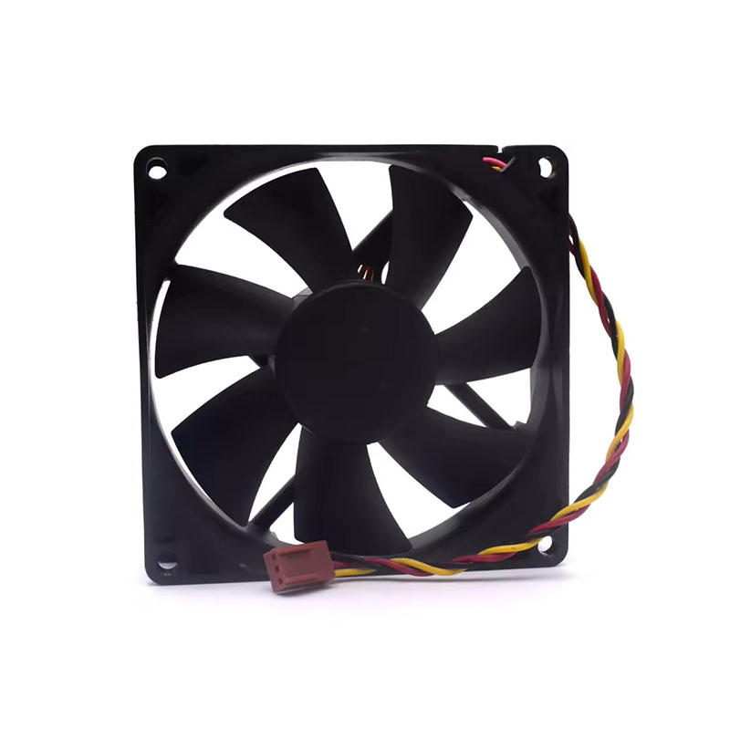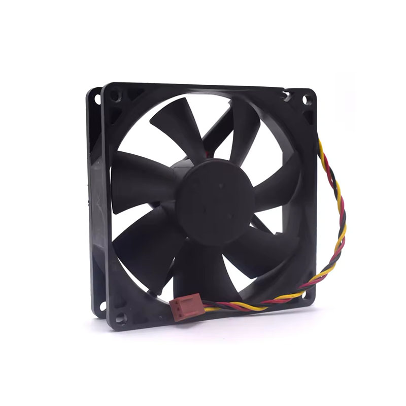 Inside, the rotor and blades operate with a balanced precision. As the fan spins, there is a smooth and steady hum rather than harsh whine. Its motion feels deliberate, calibrated to push air efficiently without turbulence or dramatic pulsations. The junction between blades and hub is seamless, minimizing drag and vibration. The fan’s three-wire lead trails neatly from one corner, unobtrusive yet clearly delineated, ready for integration into power and monitoring systems.
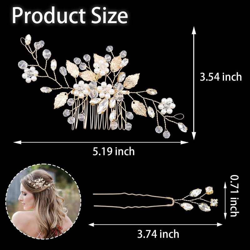 - Package include: You can receive 1 pcs crystal hair comb and 2 pcs rhinestone hair pins.The size of the hair comb is about 5.19 x 3.54 inch. The size of the hair pin is about 3.74 x 0.71 inch. You can adjust the flexible wire on the hair comb and hair pins,making them fit better
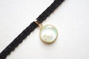 【受注製作】レジンアート ラウンドモチーフとタティングレースとベルベットリボンのチョーカー〈草萌え〉
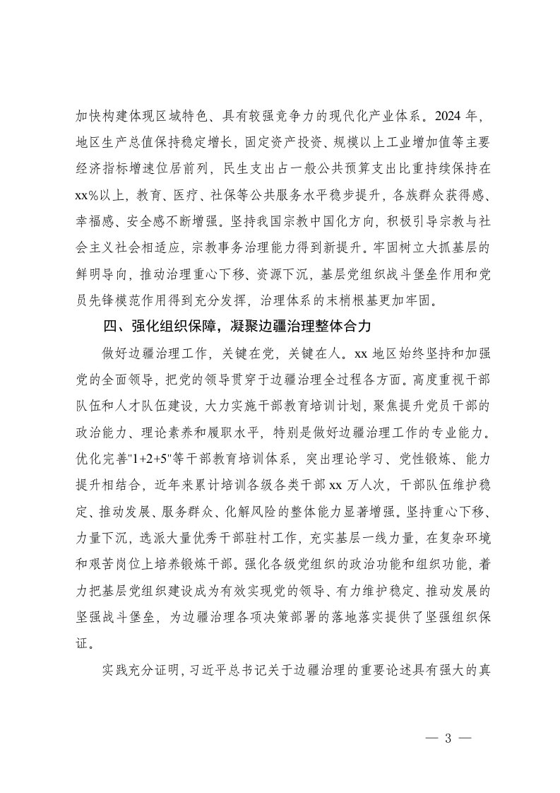 标题:3篇2025年在学习习近平总书记关于边疆治理的重要论述专题研讨会议上的交流发言
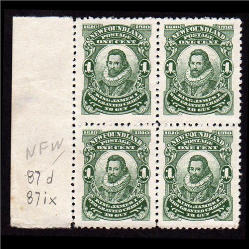 NEWFOUNDLAND #87ix+87xii+87(2X) XF-NH MINT BLOCK 4 CAT$300,00
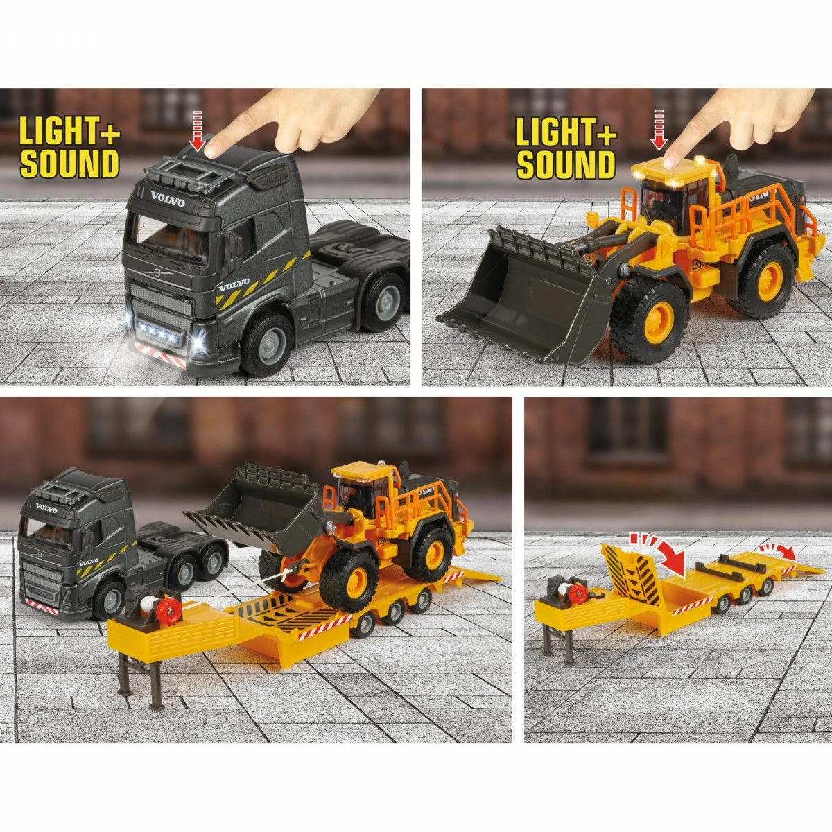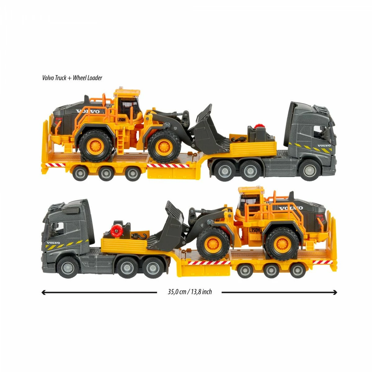 Majorette Volvo FH-16 lastebil: Det perfekte kjøretøyet for å transportere en hjullaster! Ingen byggeplass er komplett uten denne lastebilen. Volvo-lastebilen kan transportere hjullasteren til neste oppdrag. I tillegg til det detaljerte designet, kommer denne Majorette lastebilen også med mange morsomme funksjoner som garantert vil underholde barn lenge, inkludert henger med vinsj med tau og krok, slik at du kan sikre hjullasteren på plass under transport. Hjullasteskuffa kan beveges opp og ned eller vippes for hånd, men moroa slutter ikke der – hjullasteren har også to forskjellige lydeffekter, samt to frontlykter og to baklykter. Taket på kjøretøyet har et oransje varsellys, for å varsle trafikk i nærheten. Oppdag alle store modeller i vår nye og større skala 1:43. Velg mellom nødetater, anlegg eller bykjøretøy. Oppgrader bilsamlingen din med Majorette Grand Series! Dimensjoner: (LxBxH) 35,0 x 6,5 x 11,0 cm. Batterier inkludert (4xAAA). Passer barn fra 3 år.
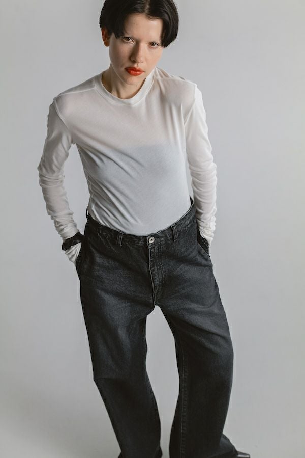 ・14ozのオーガニックコットンデニムを使用 ・しっかりとした厚みがありながら、穿きこむほどに柔らかくなじむ ・環境への配慮とタフさを兼ね備えた、サステナブル素材
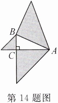 14. (教材P132习题T3变式)如图,$ \angle ACB = 90^{\circ} $,$ AB = 4\ cm $,以$ Rt\triangle ABC $的三边为直角边分别向外作等腰直角三角形,则图中阴影部分的面积为
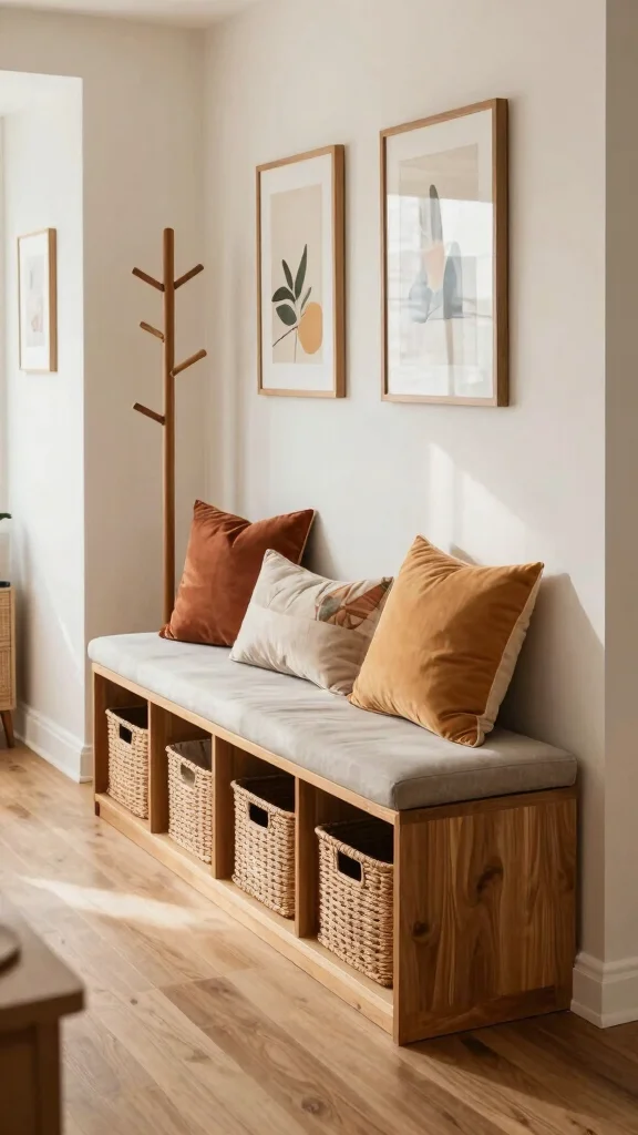This approach not only adds functionality with multiple storage options but also contributes to a warm, inviting atmosphere that makes your hallway a welcoming space.
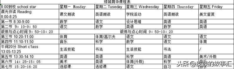 课程模式:基础课程+特色课程,例如绿城育华就在基础的国家课程上增加了一百多门选修课程,例如书法、天文、芭蕾、绘画,轮滑,橄榄球等等。双语班的话每周有 30节课左右,其中有 17节是中文课,13节是外教英文课。而其中英语、科学、都是全英文教学,语文、数学、音乐是全中文教学,体育、计算机、美术是中英交叉教学。
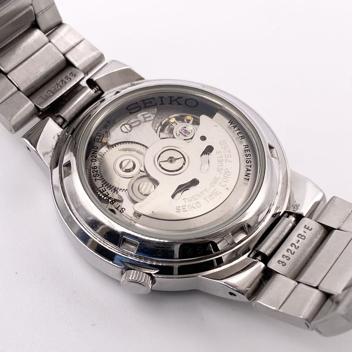 稼働 欧米輸出仕様自動巻き 7S26-02N0 21石 デイデイト 裏スケ 3針 腕時計 アナログ ラウンド ウォッチ 金属ベルト ステンレススチールベルト メンズ
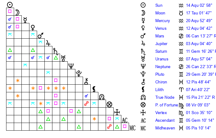 | Sun | 14 Aquarius 3 | 15 Aquarius 7 | 3 Gemini 37 |

============================================================

ASSIGNMENT
Your output should be exactly the lines of the records above from the one with "14. (教材P132习题T3变式)如图,$ \angle" through the last, both ends included, with pictures excluded.

RESPONSE
 14. (教材P132习题T3变式)如图,$ \angle ACB = 90^{\circ} $,$ AB = 4\ cm $,以$ Rt\triangle ABC $的三边为直角边分别向外作等腰直角三角形,则图中阴影部分的面积为
This approach not only adds functionality with multiple storage options but also contributes to a warm, inviting atmosphere that makes your hallway a welcoming space.
 课程模式:基础课程+特色课程,例如绿城育华就在基础的国家课程上增加了一百多门选修课程,例如书法、天文、芭蕾、绘画,轮滑,橄榄球等等。双语班的话每周有 30节课左右,其中有 17节是中文课,13节是外教英文课。而其中英语、科学、都是全英文教学,语文、数学、音乐是全中文教学,体育、计算机、美术是中英交叉教学。
 稼働 欧米輸出仕様自動巻き 7S26-02N0 21石 デイデイト 裏スケ 3針 腕時計 アナログ ラウンド ウォッチ 金属ベルト ステンレススチールベルト メンズ
 | Sun | 14 Aquarius 3 | 15 Aquarius 7 | 3 Gemini 37 |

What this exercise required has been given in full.